Geht er in einen Kindergarten? Das hilft am besten ... da wird er dann schon zum spielen aufgefordert... von anderen Kindern, und lernt über learning bei doing, wie es geht. Therapiebedürftig würde ich das in dem Alter nicht sehen, da gibt es nämlich solche Kinder und solche.....
LG::smile::
"Die Kunst ist, den Kindern alles, was sie tun oder lernen sollen, zum Spiel zu machen."
John Locke
1. Dezember 2017 18:30 # 4
xxu
Registriert seit: 12.09.2002
Bundesland: Nordrhein-Westfalen
Beiträge: 86

Liebe Kwick Kiwi,

ich wäre auch sehr interessiert an den Antworten auf die Fragen, die Fine43 gestellt hat. M. E. braucht es die Antworten, um dir weiterhelfen zu können.

Zentrale Frage ist für mich: ist das Kind jetzt sicher oder unsicher gebunden?

Ein sicher gebundenes Kind würde man sicher nicht von der Mutter "lösen" müssen, das löst sich selbst für seine Explorationstouren und kehrt bei Bedarf zum "sicheren" Hafen zurück.

Ein unsicher gebundenes Kind braucht m. E. doch erst einmal eine sichere Bindung, um sich dann lösen zu können. Das wäre aber wohl keine Thema für die Ergo, wohl eher für einen Kinderpsychologen? Ich glaube auch nicht, dass er sich sicherer fühlen würde, auch wenn er viele viele Parcoure ohne die Mama schaffen würde.

Im Zweifelsfall würde ich an deiner Stelle mal mit dem Arzt telefonieren, um herauszufinden, wo der die "Störung der sozialen Interaktion" sieht. Das, was die Mütter sehen und beschreiben, ist oft nur ein Teil des Ganzen...

Schönen Abend

3. Dezember 2017 14:15 # 5
*Erna*
Registriert seit: 11.07.2003
Beiträge: 298

Hallo Kiwi,
ist der Junge bereits im KiGA? Wie klappt hier das Verabschieden der Mutter? Wie beschreiben die Erzieher*innen das Spiel- und Sozialverhalten?
Hat er Freunde/Freundinnen mit denen er gerne spielt?

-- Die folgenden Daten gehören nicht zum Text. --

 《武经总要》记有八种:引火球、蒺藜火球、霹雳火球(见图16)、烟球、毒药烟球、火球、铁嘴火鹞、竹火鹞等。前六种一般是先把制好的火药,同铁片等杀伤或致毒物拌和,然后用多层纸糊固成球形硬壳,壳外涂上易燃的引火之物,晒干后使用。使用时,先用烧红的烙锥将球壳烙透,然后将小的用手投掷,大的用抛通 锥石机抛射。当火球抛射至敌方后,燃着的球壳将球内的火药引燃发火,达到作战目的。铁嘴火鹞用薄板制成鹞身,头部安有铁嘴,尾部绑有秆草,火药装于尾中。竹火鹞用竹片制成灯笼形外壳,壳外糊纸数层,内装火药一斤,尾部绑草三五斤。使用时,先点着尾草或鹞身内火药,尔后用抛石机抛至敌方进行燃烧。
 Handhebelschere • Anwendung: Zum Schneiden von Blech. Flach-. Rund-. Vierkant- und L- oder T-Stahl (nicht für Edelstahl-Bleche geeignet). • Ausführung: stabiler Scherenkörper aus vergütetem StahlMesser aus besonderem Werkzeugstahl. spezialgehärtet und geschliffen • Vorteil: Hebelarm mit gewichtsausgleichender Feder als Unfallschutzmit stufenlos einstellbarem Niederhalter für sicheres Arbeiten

Ich finde es generell nicht problematisch, wenn ein Kind in dem Alter gerne mit seiner Mutter spielt - das ist ja auch eine tolle Sache, wenn man in einem gut ausgestatteten Therapieraum die Mama ohne Geschwister für sich hat. Auch das Schmusen und auf den Schoßklettern ist in dem Rahmen nicht unüblich, ebenso eine Schüchternheit Fremden gegenüber.
Wie oft war das Kind denn bei dir? Zeigt sich hier im Verlauf der Behandlungen eine Veränderung?

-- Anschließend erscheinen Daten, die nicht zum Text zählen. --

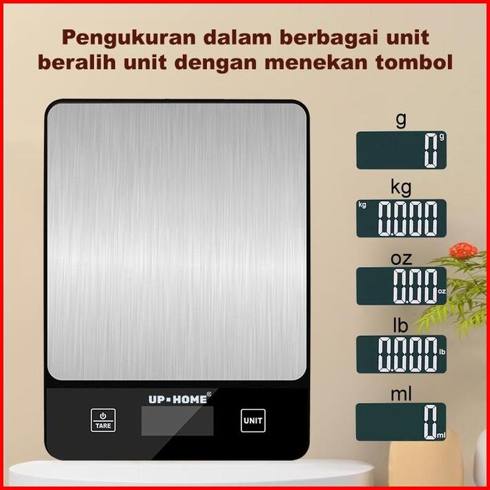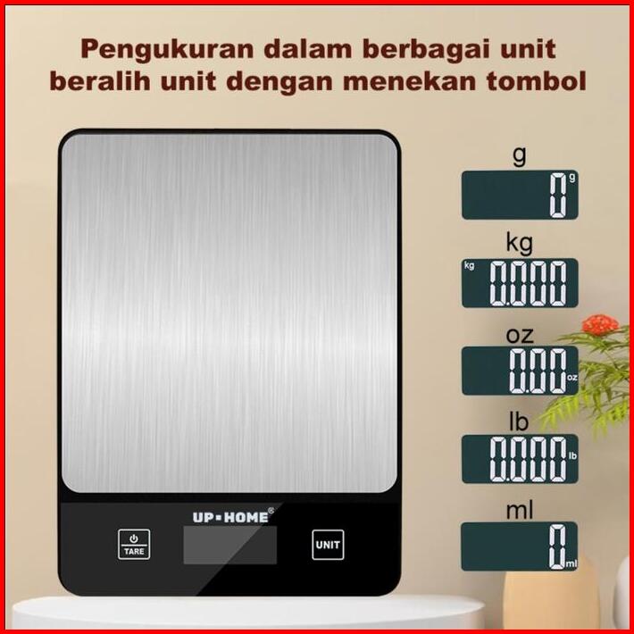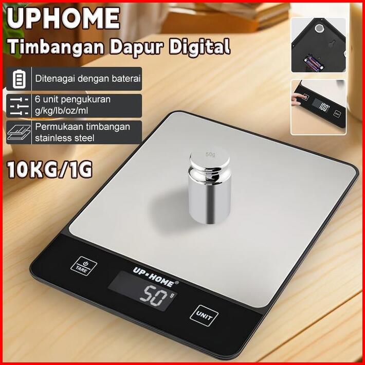 Uphome Timbangan Dapur Digital 10kg 1g Stainless Steel With Tare 5 Mode G Kg Oz Lb Ml Timbangan Kue Timbangan

An den ganzen Fragen (auch von den anderen) merkst du, dass noch ganz viele Informationen für eine Zielstellung und Behandlungsplanung fehlen. Also, Schritt für Schritt.

Viel Erfolg!
8. Dezember 2017 19:50 # 6
Kwick_Kiwi
Registriert seit: 03.06.2017
Bundesland: Nordrhein-Westfalen
Beiträge: 42

Hallo! Entschuldigt die späte Antwort. Ich war im Urlaub und habe gänzlich abgeschaltet.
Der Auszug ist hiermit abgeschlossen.